Kala Glyphs (tloko / omya)
Kala glyphs are logosyllabic, combining about 500 logograms (which represent
whole words) and 220 syllabograms (which represent syllables). About 300 glyphs
are commonly used. They were invented by Carl Buck. These are primarily meant to
be an epigraphic system, but a handwritten version is possible. These glyphs are
a mixed system like Japanese or Mayan, consisting of logograms and featural syllabic
glyphs. Unlike Mayan glyphs which are logograms complemented by a set of syllabic
glyphs, this system is primarily a syllabary complemented by logograms.
The term tloko means "syllable" while omya means "carve; etching".
Both can be used to refer to this writing system.

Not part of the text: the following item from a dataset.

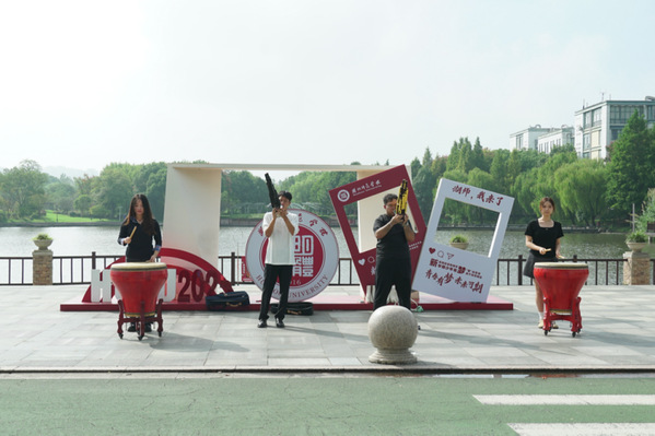 烈日炙烤大地,热浪裹挟尘土,新生们迈着坚毅步伐前行,汗水滑落、疲惫渐生。此时,由音乐学院连队新生组成的军训文工团,已携乐器守候在拉练路线旁,以专业素养化身“文艺兵”,搭建起沿途的精神“能量补给站”。

- Type of writing system: logosyllabic
- Direction of writing: vertical from top to bottom and from left to right
- Number of symbols: 500 logograms, which represent whole words, and 220 syllabograms, which represent syllables: about 300 glyphs are commonly used.
The basic consonant glyphs were directly inspired by Hangul.
Each consonant has three forms. The form used depends on the vowel added to form the syllable glyph. (ø = null consonant)
The vowels elements are shown here with the null consonant glyph. (-C = null vowel, or final consonant)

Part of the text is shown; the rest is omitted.